* **Work request**
Could all of the entries be written out exactly, with any pictures omitted?

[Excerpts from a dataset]
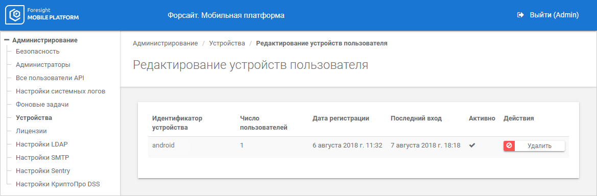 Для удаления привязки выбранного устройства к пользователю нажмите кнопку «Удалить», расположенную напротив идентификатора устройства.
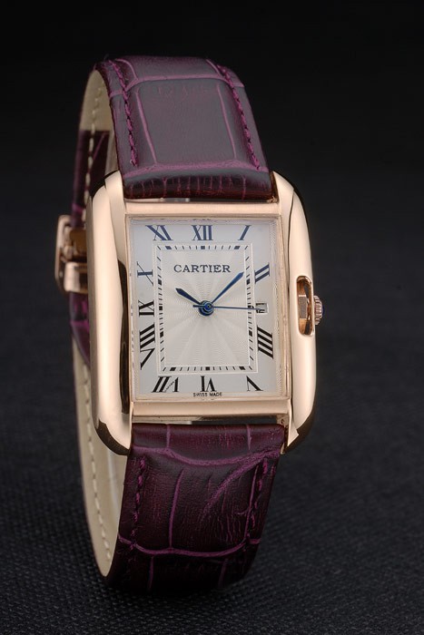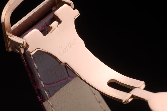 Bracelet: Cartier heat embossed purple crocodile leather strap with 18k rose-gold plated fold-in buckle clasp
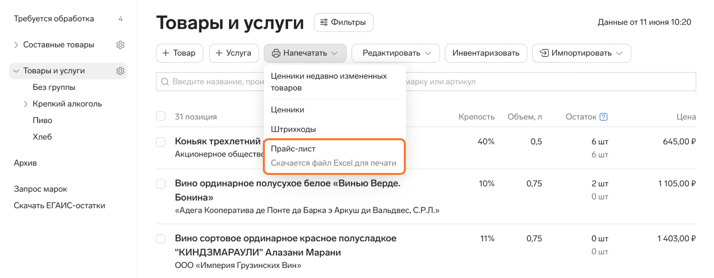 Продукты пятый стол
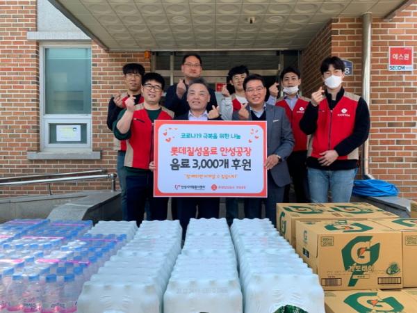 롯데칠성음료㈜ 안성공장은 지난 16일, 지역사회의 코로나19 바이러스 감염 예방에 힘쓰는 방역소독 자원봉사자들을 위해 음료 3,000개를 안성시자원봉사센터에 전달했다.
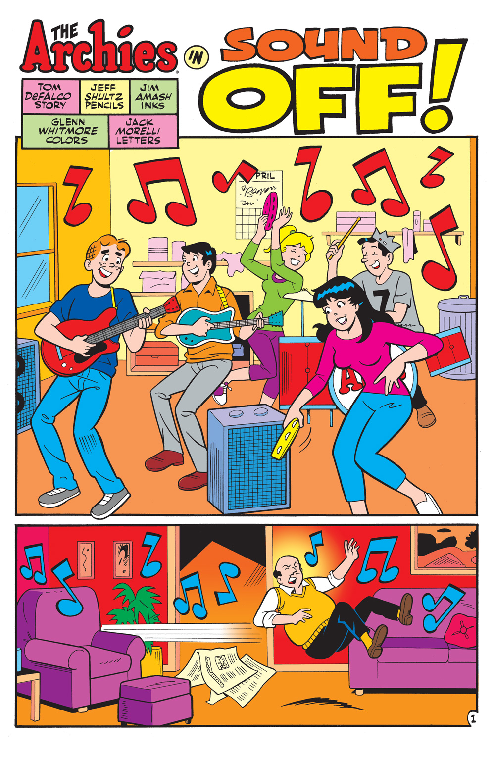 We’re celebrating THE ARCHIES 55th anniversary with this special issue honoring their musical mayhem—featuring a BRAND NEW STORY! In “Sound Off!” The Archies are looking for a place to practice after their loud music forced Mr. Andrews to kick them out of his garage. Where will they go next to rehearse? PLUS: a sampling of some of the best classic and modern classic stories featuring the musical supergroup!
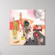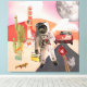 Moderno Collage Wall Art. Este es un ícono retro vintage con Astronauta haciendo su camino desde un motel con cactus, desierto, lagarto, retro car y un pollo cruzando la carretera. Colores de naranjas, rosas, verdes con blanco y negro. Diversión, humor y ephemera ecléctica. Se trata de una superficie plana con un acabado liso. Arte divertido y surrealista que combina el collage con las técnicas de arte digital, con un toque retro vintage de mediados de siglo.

* **Answer area**
 Для удаления привязки выбранного устройства к пользователю нажмите кнопку «Удалить», расположенную напротив идентификатора устройства.
 Bracelet: Cartier heat embossed purple crocodile leather strap with 18k rose-gold plated fold-in buckle clasp
 Продукты пятый стол
 롯데칠성음료㈜ 안성공장은 지난 16일, 지역사회의 코로나19 바이러스 감염 예방에 힘쓰는 방역소독 자원봉사자들을 위해 음료 3,000개를 안성시자원봉사센터에 전달했다.
 We’re celebrating THE ARCHIES 55th anniversary with this special issue honoring their musical mayhem—featuring a BRAND NEW STORY! In “Sound Off!” The Archies are looking for a place to practice after their loud music forced Mr. Andrews to kick them out of his garage. Where will they go next to rehearse? PLUS: a sampling of some of the best classic and modern classic stories featuring the musical supergroup!
 Moderno Collage Wall Art. Este es un ícono retro vintage con Astronauta haciendo su camino desde un motel con cactus, desierto, lagarto, retro car y un pollo cruzando la carretera. Colores de naranjas, rosas, verdes con blanco y negro. Diversión, humor y ephemera ecléctica. Se trata de una superficie plana con un acabado liso. Arte divertido y surrealista que combina el collage con las técnicas de arte digital, con un toque retro vintage de mediados de siglo.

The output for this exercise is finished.